Strict regulations were put in place for water treatment and industrial water and the removal of phosphorus from that water before it was allowed back into the lake. This approach worked initially and there was a reduction in the size and distribution of cyanobacteria blooms on Lake Erie. However, as most know Erie is still experiencing problematic blooms. This is because of a number of additional factors that we can not account for as easily. One of which is the continued development of anoxic bottom water which is associated with internal loading and allows cyanobacteria to out-compete other phytoplankton and dominate the community composition. Therefore, despite the limiting of external phosphorus, cyanobacteria are able to proliferate and bloom due to internal loading of phosphorus.
These factors are very important for Northern Ontario as currently, the accepted knowledge is that Northern Ontario lakes do not experience internal loading. If they do or have the potential to experience internal loading, this is very important for the management of lakes. It will help better understand the number of camps/cottages a lake can have on it without overloading, and if a lake is already overloaded, it will help better understand the best options to protect that lake from further human impacts (as we see in other parts of Canada and the world).
I am hoping my research will be able to provide information that can be used to better understand internal loading specifically within Northern Ontario Lakes. I am hoping to do this through the examination of sediment cores and monitoring current lake conditions and phytoplankton communities. Lakes in Northwestern Ontario are usually thought to be Oligotrophic (low nutrients, clean, cold water lakes).
Fieldwork for your research begins this summer, what questions will you be focusing on? What type of data do you need to collect and how will it be collected?

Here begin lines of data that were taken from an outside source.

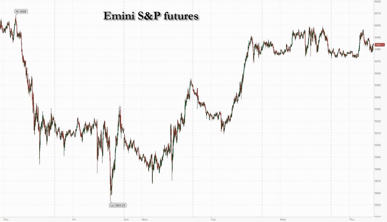 US equity futures are unchanged, as they struggle for direction ahead of Friday’s payrolls report, following a series of data releases that offered mixed signals on the health of the economy. As of 8:00am, S&P futures are flat, having traded on either side of the unchanged line during the overnight session and followed a slurry of weak macro data releases which saw Wednesday's gains erase and recover, with the S&P ultimately ending the day flat. Nasdaq 100 futs are down 0.1% with Mag 7 stocks mostly higher except for TSLA (-1.6%). Stocks and bonds in Europe gained ahead of the ECB's expected 8th consecutive interest rate cut. The yield on 10-year US Treasuries steadied as Wednesday’s bond rally faded. The dollar reversed earlier losses even as gold surged to briefly top $3400. Commodities are mostly mixed with notable outperformance in silver (+3.1%). News flow since yesterday’s close has been largely muted: headlines continue to focus on trade negotiation development, particularly implication on rare earth curbs (BBG and CNBC) and upcoming Trump-Xi call.
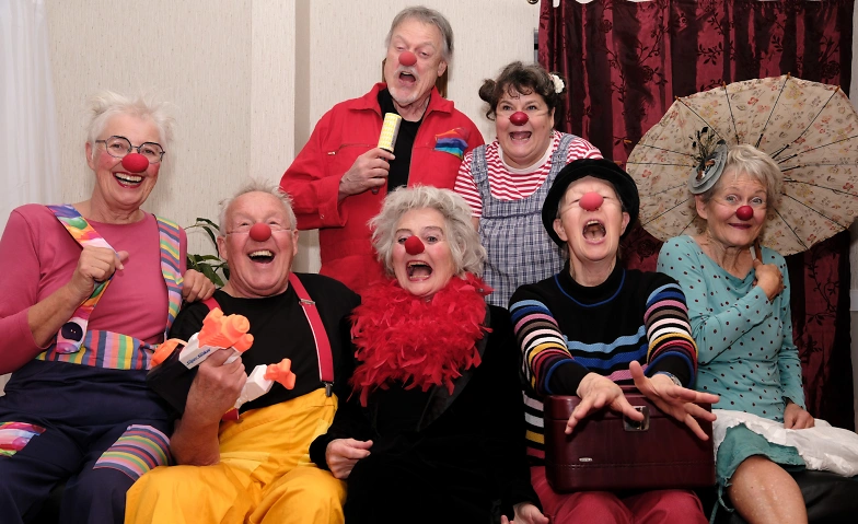 Die neun begeisterten Clown-Spieler*innen sind allesamt Absolventinnen und Absolventen der Clown 50plus Kurse des TuT, der Schule für Tanz, Clown und Theater in Hannover. Inzwischen hat das Ensemble das nächste Spiellevel erreicht und präsentiert voller Energie und guter Laune seine neueste Produktion "Protzen. Scheitern. Jubilieren. ... immer wieder!", eine abendfüllende Clowntheaterrevue.
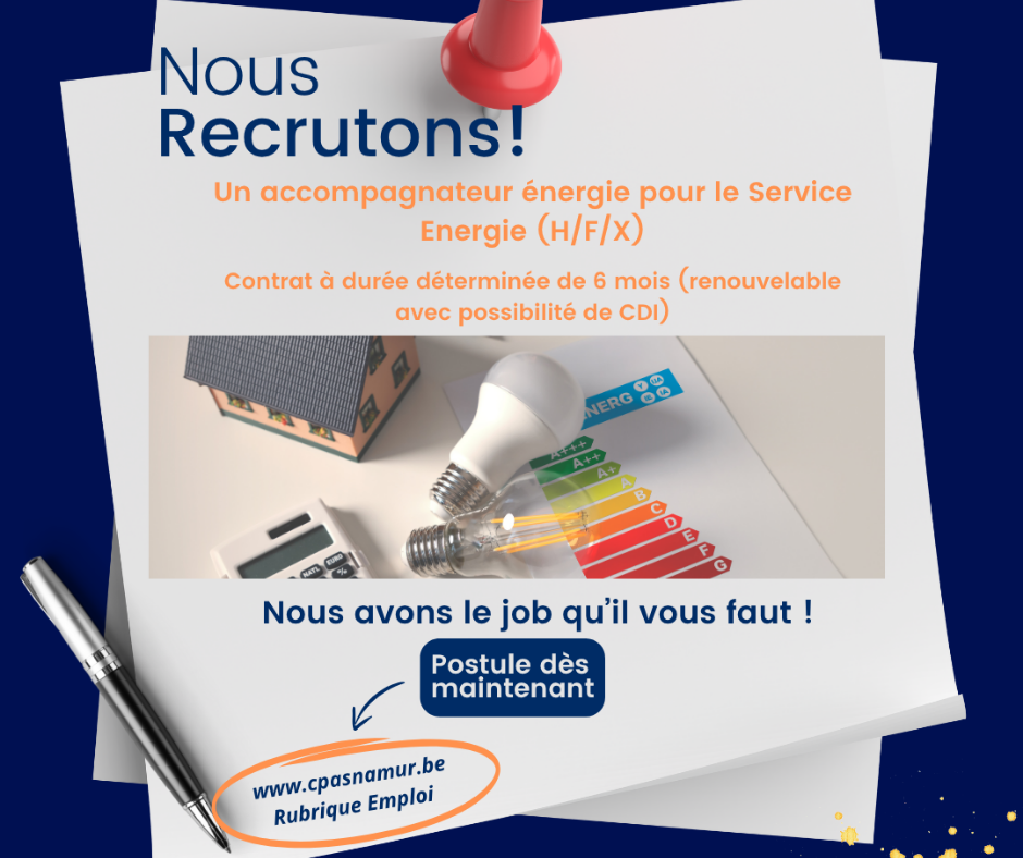 Le CPAS de Namur recherche un accompagnateur énergie pour le Service Energie (H/F/X)
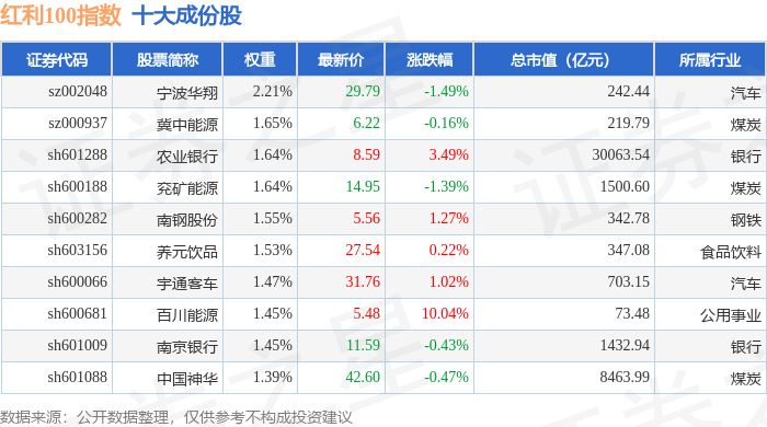 红利100(399411)指数十大成份股详情如下:
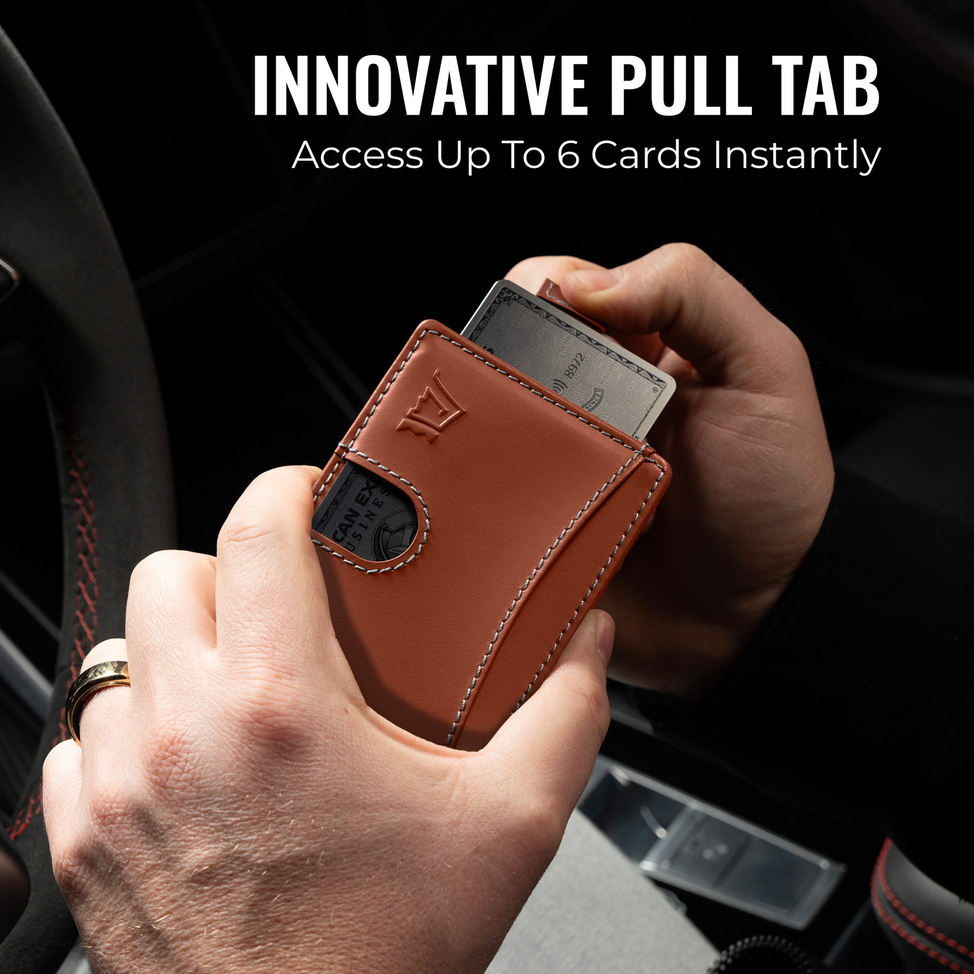 - Access up to 6 cards with the hidden pull strap
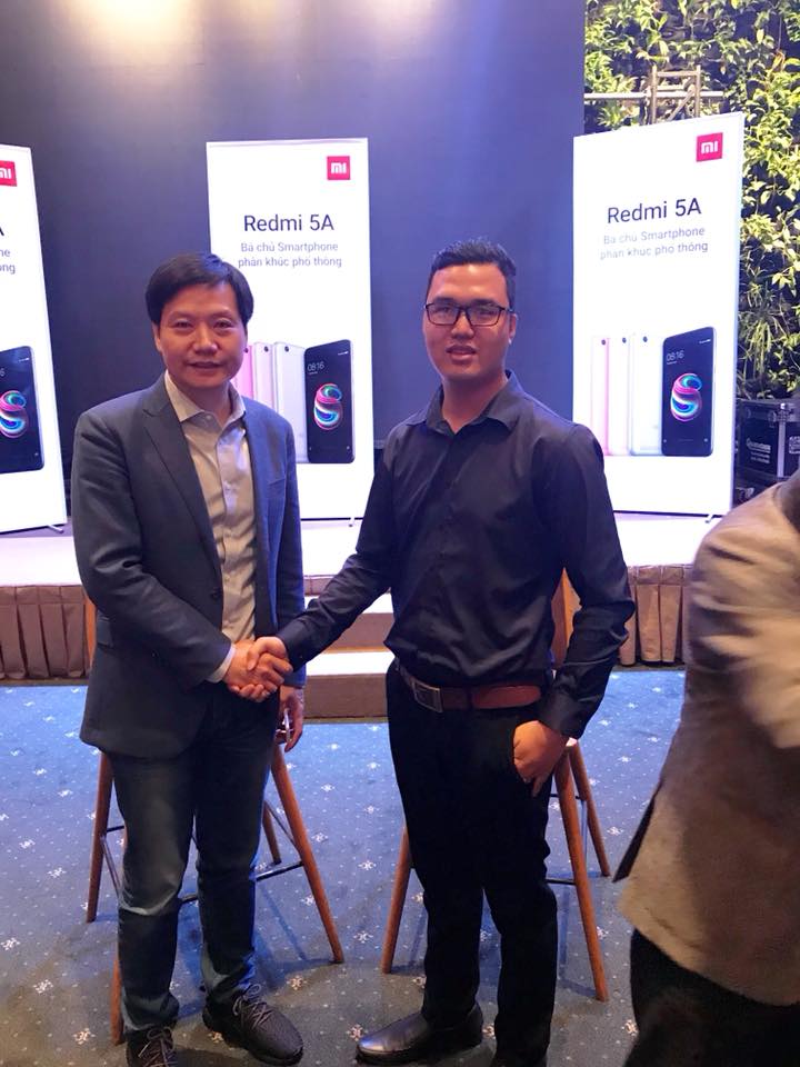 Di Động Thông Minh là đối tác chiến lược của Xiaomi chính hãng (ảnh CEO Lei Jun bắt tay Giám đốc DDTM tại lễ giới thiệu Redmi 5A)

For this season I am focused on collecting data that provides a baseline of the current conditions for the lakes I have selected. To do this I will be focusing on collecting data that tells me about the current state of the lakes. Things like temperature and dissolved oxygen profiles, secchi depth, some basic water chemistry like nutrient composition, and most importantly phytoplankton samples. I will also be taking sediment cores from the bottom of the lakes to gain data about how the lake has changed in the last few decades.
Most of this data is relatively simple to collect using a boat to get on the water so I can measure the temperature, dissolved oxygen and secchi depth. Collection of water samples for both chemical analysis and phytoplankton requires sample bottles to and a preservative to keep the phytoplankton from degrading or losing small identification features like their flagella. The sediment samples are a bit more tricky. Using a long rod with a tube on the end I will push the tube into the sediment in the deepest part of the lake. A one-way valve on the top of the apparatus causes a seal with the sediment in the tube, this has to be pulled out. Trying to do this from a boat can be rather difficult. Usually, cores are taken during the winter when the lake is frozen and you can stand on the ice for more leverage. The analysis of all this data is more difficult.
Infosuperior is grateful to Nathan Wilson for sharing some more information about his research. Nathan Wilson studies various aspects of lakes and lake management through the environmental biotechnology program at Lakehead University, working with Dr Carney Matheson and Dr Rob Stewart. His focus is on examining lakes within Northwestern Ontario to better understand nutrients and cyanobacteria.